Hi! I took the train and validation sets from DPR (https://arxiv.org/abs/2004.04906 / https://github.com/facebookresearch/DPR). I'll send you a message offline to discuss further.

jxmorris12 · 2024-03-20T01:20:12Z

Oh but I don't think table 2 is decoding from any length longer than training sequences. I train on sequences up to 128 and use those for testing too. I never test on embedded sequences of more than 128 tokens, but that sounds really interesting!

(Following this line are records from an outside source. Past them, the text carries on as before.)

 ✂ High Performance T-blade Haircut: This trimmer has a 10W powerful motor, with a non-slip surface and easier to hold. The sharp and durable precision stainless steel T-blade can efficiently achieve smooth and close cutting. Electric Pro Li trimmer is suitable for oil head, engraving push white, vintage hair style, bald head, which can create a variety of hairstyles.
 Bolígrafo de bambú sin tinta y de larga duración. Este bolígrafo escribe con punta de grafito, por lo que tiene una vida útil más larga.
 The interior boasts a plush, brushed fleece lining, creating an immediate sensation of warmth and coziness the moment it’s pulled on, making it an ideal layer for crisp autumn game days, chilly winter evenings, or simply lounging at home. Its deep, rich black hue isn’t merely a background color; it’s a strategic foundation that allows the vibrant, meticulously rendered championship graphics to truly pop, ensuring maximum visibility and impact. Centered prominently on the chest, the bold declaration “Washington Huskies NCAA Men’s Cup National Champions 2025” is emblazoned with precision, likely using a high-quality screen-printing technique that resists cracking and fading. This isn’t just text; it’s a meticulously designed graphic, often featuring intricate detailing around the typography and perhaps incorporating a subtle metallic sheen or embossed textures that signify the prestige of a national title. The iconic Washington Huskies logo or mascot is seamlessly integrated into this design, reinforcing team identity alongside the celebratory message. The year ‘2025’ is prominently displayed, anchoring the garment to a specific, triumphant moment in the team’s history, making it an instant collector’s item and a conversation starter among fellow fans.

carriex · 2024-03-20T01:29:45Z

oh i see! is the results in table 2 reported for the model trained for OpenAI embeddings on MSMARCO dataset with a mixed of different sequence lengths (looking at below section) then?

thanks again!

jxmorris12 · 2024-03-20T01:42:20Z

yes, the MSMarco longer-sequence-length dataset included sequences from 1 to 128 tokens

carriex · 2024-04-16T19:10:31Z

Hi there!

I am trying to reproduce results for OpenAI model trained on MSMARCO (up to 128, last section in table 1). Is the below the correct command/model to run?

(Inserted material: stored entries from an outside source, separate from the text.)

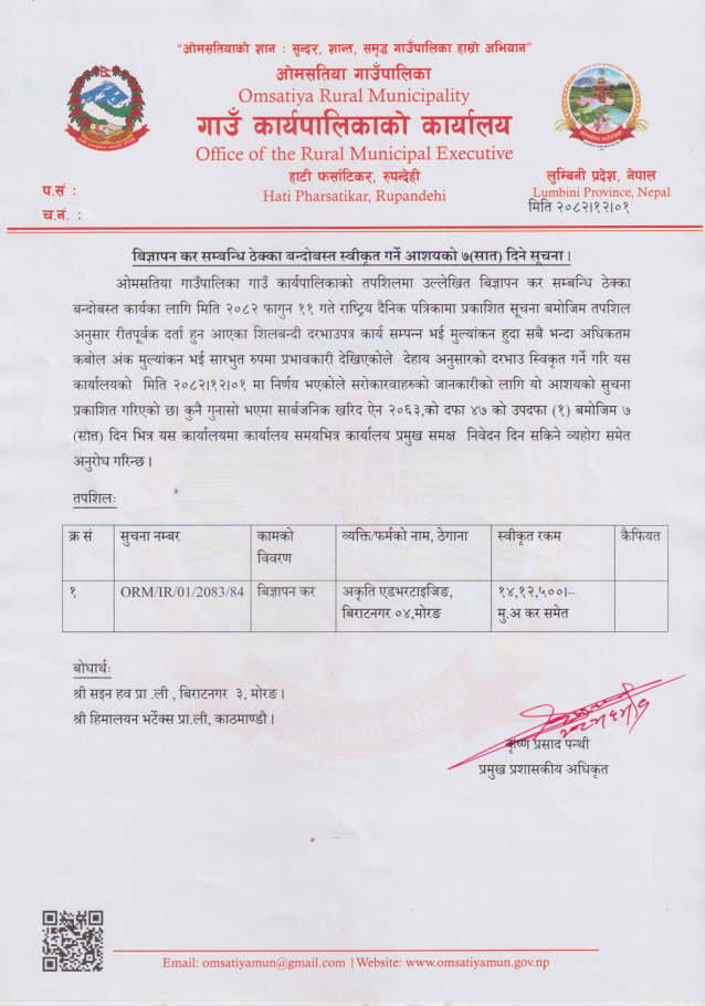 विज्ञापन कर सम्वन्धी बोलपत्र स्वीकृत गर्ने आसयको ७ दिने सूचना !
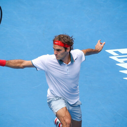 After accelerating through the hitting zone on a ground stroke, don’t try to stop or slow down the follow-through but rather allow it to elongate in a natural way. Often this will result in the follow-through wrapping around the neck. Having a longer distance to slow down the racket in the follow-through prevents strain on your arm and shoulder. The old teaching adage of hit and hold the finish out in front, in most cases, does not apply.
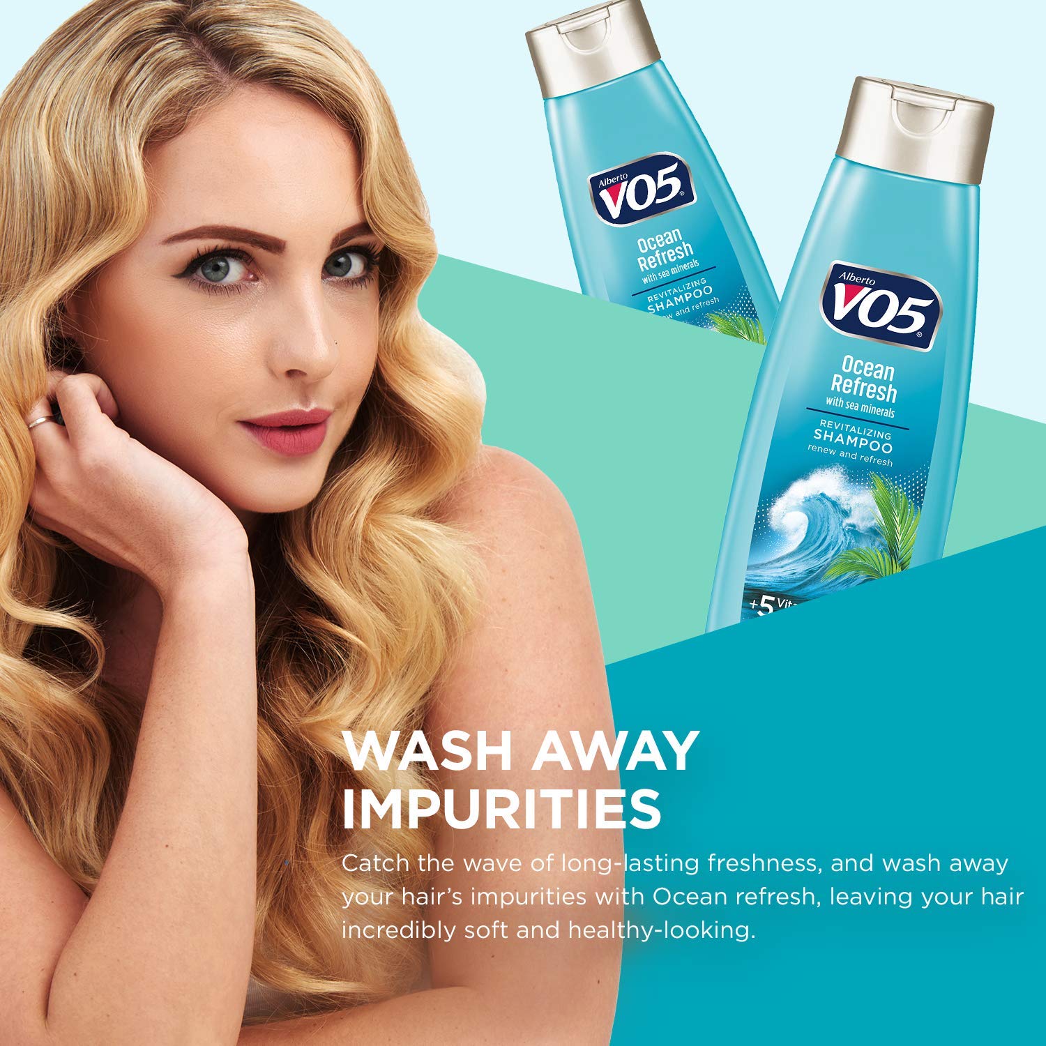 OCEAN REFRESH REVITALIZING SHAMPOO: Alberto VO5's unique formula blended with the Power of 5 vitamins and 5 natural oils provides beautiful soft, shiny hair. Thatâs the secret of VO5. 12.5 oz. Bottle

from vec2text import analyze_utils

experiment, trainer = analyze_utils.load_experiment_and_trainer_from_pretrained(
     "jxm/vec2text__openai_ada002__msmarco__msl128__corrector",
    use_less_data=-1 # use all data

)

train_datasets = experiment._load_train_dataset_uncached(
    model=trainer.model,
    tokenizer=trainer.tokenizer,
    embedder_tokenizer=trainer.embedder_tokenizer
)


trainer.args.per_device_eval_batch_size = 16
trainer.sequence_beam_width = 1
trainer.num_gen_recursive_steps = 20
trainer.evaluate(
    eval_dataset=train_datasets["validation"]
)

I am currently running into some error (hard-coded path not found, etc.), but wanted to make sure this is the right model / set-up to look at. Thanks!

jxmorris12 · 2024-04-17T22:06:32Z

Hi @carriex -- this looks right! I'm pretty sure that's the right model. Can you share the error with me? Or maybe we can work out of a Colab to get this figured out. Sorry for the hardcoded path; I'm not sure where it is but I will remove it for you!

carriex · 2024-04-29T16:30:34Z

Sorry for the late reply! Here is a colab notebook showing the error.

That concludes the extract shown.